In 1983, Fischer entered into a contract with OCY for the construction of a custom-built sailboat at a total cost of $172,000. Under the terms of the contract, which required periodic progress payments, title would not pass from OCY to Fischer until Fischer paid the full purchase price and until OCY made delivery to him. At the time of contracting, Fischer was neither aware of any loan arrangements between OCY and the Bank, nor of any lien or security interests the Bank held against OCY property.
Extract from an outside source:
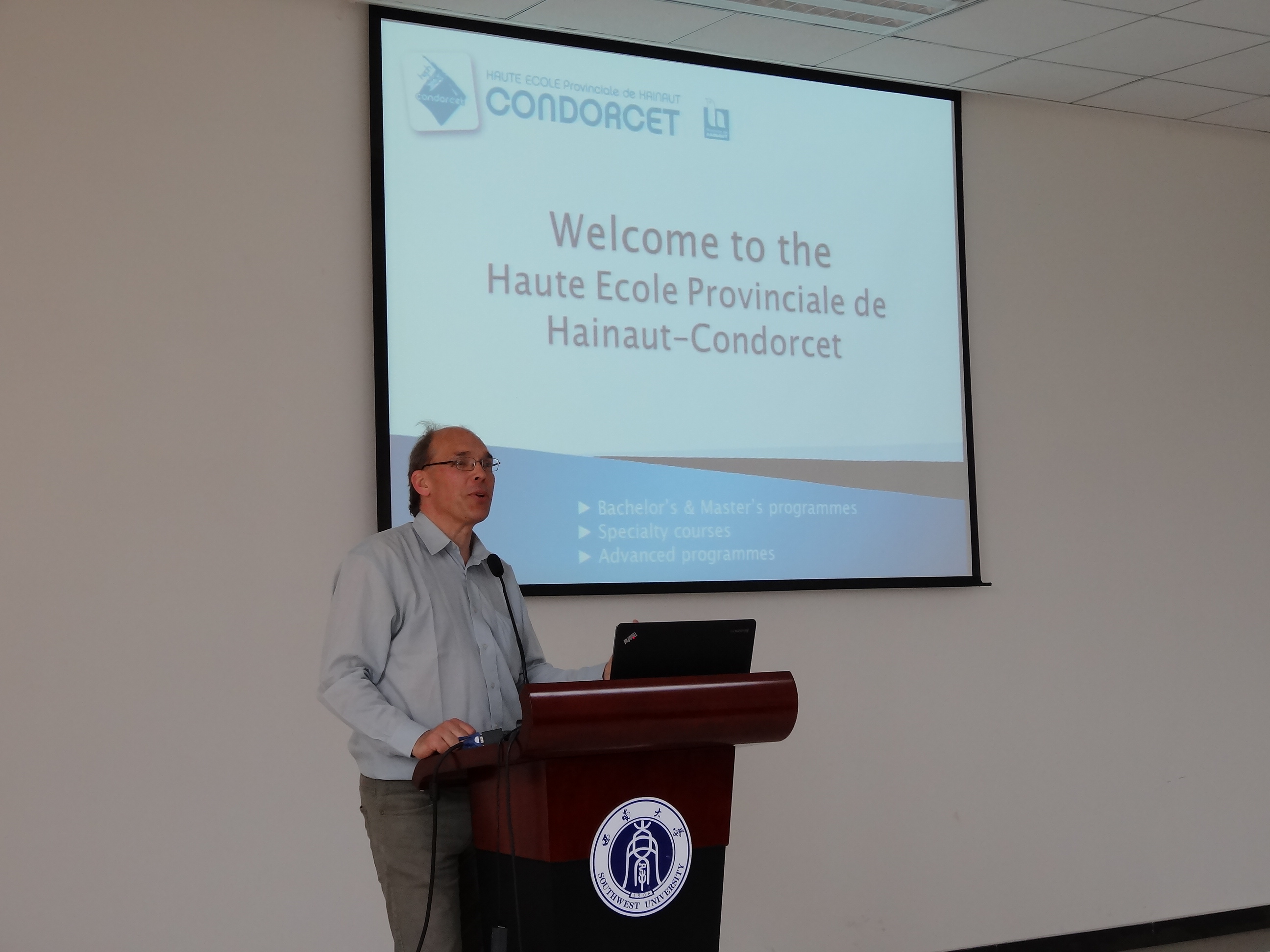 刘猛书记代表学院致欢迎辞。他简要介绍了重庆的概况以及伟德源自英国1946的办学情况,向比利时来宾表达了祝福与期待,希望两校今后的交流合作更上一层楼。比利时孔多赛大学学术团代表Serneels先生向伟的国际1946bv的师生介绍了该校的办学情况,希望今后双方能进行更多的学术研讨与交流合作。

We note that Fischer did not require OCY to provide a performance bond, a requirement often imposed by commercially sophisticated customers in similar circumstances.
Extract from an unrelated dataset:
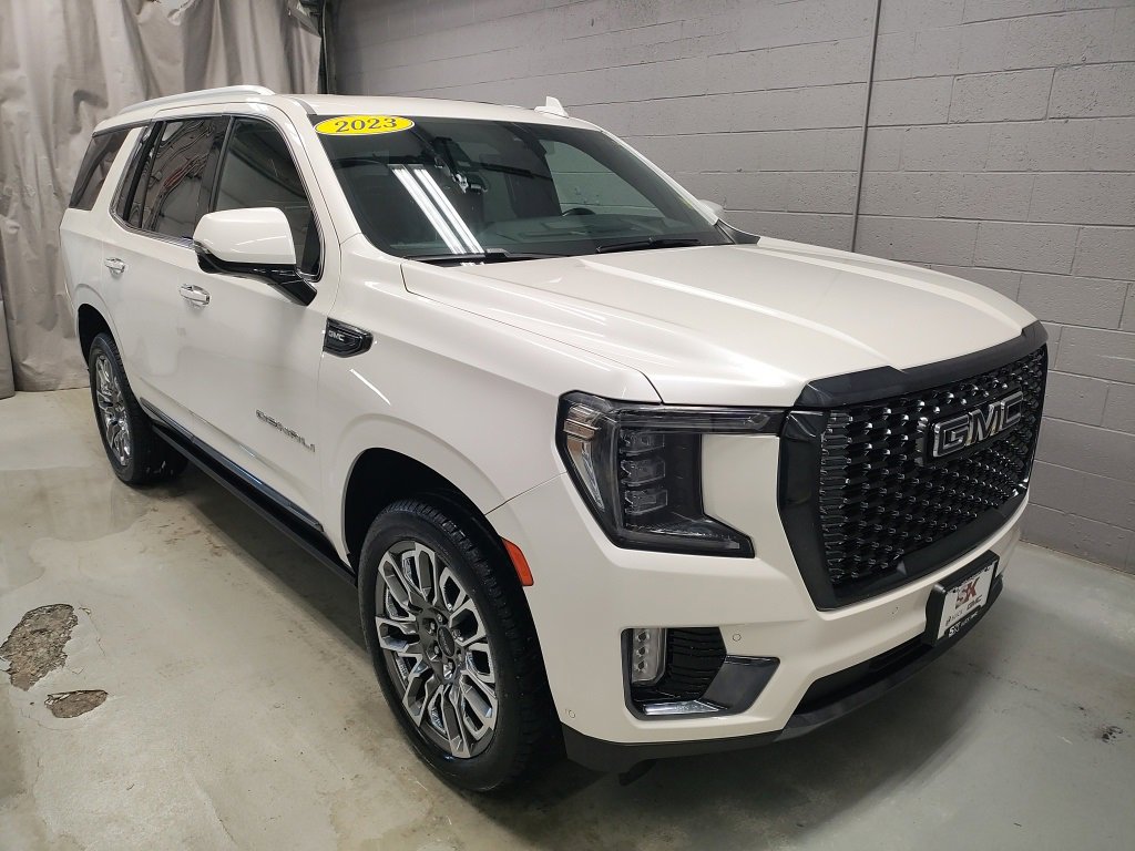 CARFAX One-Owner. ***GM CERTIFIED - OVER $2600 IN BUILT IN VALUE***, ***NAVIGATION***, ***SUNROOF / MOONROOF***, ***HEATED & COOLED SEATS***, ***LEATHER***, 4WD 4 wheel drive, ***TRAILER TOW PACKAGE***, ***THIS 1-OWNER TRADE-IN IS THE GMC YUKON DENALI ULTIMATE SERIES WITH 4WD. THE EXTERIOR IS WHITE FROST MATCHED WITH A RICH ALPINE UMBER (SADDLE) LEATHER INTERIOR THEN SET OFF BY IT'S 22 MULTI-SPOKE ALLOY SPORT WHEELS WITH GRAY ACCENTS***, **ENHANCED AUTO PARK ASSIST W/ REAR CAMERA**, **POWER SIDE ASSIST STEPS**, **HANDS FREE POWER TAILGATE**, **REMOTE START**, **HEADS-UP DISPLAY**, **SURROUND VISION**, **HEAD REST DVD ENTERTAINMENT**, **BOSE 18 SPEAKER SOUND SYSTEM**, **REMOTE START**, **SUPER CRUISE**, **DRIVER & FRONT PASSENGER MASSAGE SEATS**, **HEATED STEERING WHEEL**, **HEATED 2ND ROW SEATS**, 16-Way Power Seat Adjusters, 18 Speakers, 3.23 Rear Axle Ratio, 3rd row seats: split-bench, 4-Wheel Disc Brakes, ABS brakes, Adaptive Cruise Control, Advanced Security Package, Advanced Technology Package, Air Conditioning, AM/FM radio: SiriusXM with 360L, Apple CarPlay/Android Auto, Auto High-beam Headlights, Automatic temperature control, Bose Performance Series Sound System w/18 Speakers, Compass, Delay-off headlights, Dual-Pane Panoramic Power Sunroof, Electronic Limited Slip Differential (eLSD), Electronic Stability Control, Enhanced Automatic Parking Assist, Extra Capacity Cooling System, Four wheel independent suspension, Front dual zone A/C, Full Grain Leather Seats, Fully automatic headlights, Garage door transmitter, Hands-Free Power Programmable Rear Liftgate, HD Surround Vision, Headphones, Heads-Up Display, Heated & Ventilated Driver & Front Passenger Seats, Heated 2nd Row Outboard Position Seats, Heated steering wheel, Hitch Guidance w/Hitch View, Illuminated entry, Inside Rearview Auto-Dimming Rear Camera Mirror, Lane Departure Warning System, Low tire pressure warning, Max Trailering Package, Memory seat, Navigation System, Outside Heated Power-Adjustable Mirrors, Panic alarm, Power Liftgate, Power passenger seat, Power Release 2nd Row Bucket Seats, Power Tilt & Telescopic Steering Column, Power-Retractable Assist Steps, Rain sensing wipers, Rear air conditioning, Rear Camera Mirror Washer, Rear Cross Traffic Alert, Rear window wiper, Reverse Automatic Braking, Security system, Speed control, Speed-sensing steering, Split folding rear seat, Steering wheel memory, Steering wheel mounted audio controls, Super Cruise, Telescoping steering wheel, Theft-Deterrent Alarm System, Tilt steering wheel, Traction control, Turn signal indicator mirrors, Variably intermittent wipers, Wheels: 22 7-Spoke Ultra-Bright Machined.

By March 27, 1984, Fischer had made $112,125 in progress payments to OCY. Nonetheless, OCY, whose operations were financed by the Bank since 1979, was experiencing financial difficulties, particularly with its cash flow. To deal with this, in February 1984, the Bank consolidated two existing $100,000 loans to OCY into one loan. As guarantee for this new single obligation, OCY executed in favor of the Bank a promissory note for $200,000 and entered into a security agreement over four hulls in progress, including Fischer’s sailboat hull. See Me.Rev.Stat.Ann. tit. 11, §§ 9-101-113. On March 12, 1984, the Bank filed with the Maine Secretary of State the financing statement in order to perfect its security interest. 1

*6 Fischer remained unaware of OCY’s relation with the Bank and its financial troubles until the spring of 1984. In May, the president of OCY, Henry R. Hinckley III, informed Fischer that OCY was in serious financial trouble, its loan payments to the Bank were overdue, and the Bank claimed a lien on four sailboats, including his craft-in-progress. On May 19, 1984, Fischer, Hinckley, and the president of the Bank, Mr. Avery, met in an effort to resolve the situation. At that meeting, the Bank would not agree to release its security interest on the four boats unless OCY made a $200,000 loan payment. The Bank confirmed this position in writing, with a June 13,1984 letter to Fischer from its vice-president and treasurer, John Reeves, stating the Bank would release its lien on Fischer’s craft only upon a $50,000 payment. The Bank also sought $50,000 payments from each of the other three boat owners. The attorney for OCY, reacting to OCY’s financial troubles, in a May 21,1984 letter to the four prospective boat owners proposed a payment plan, and agreed that the Bank’s lien was superior to their interests in the hulls.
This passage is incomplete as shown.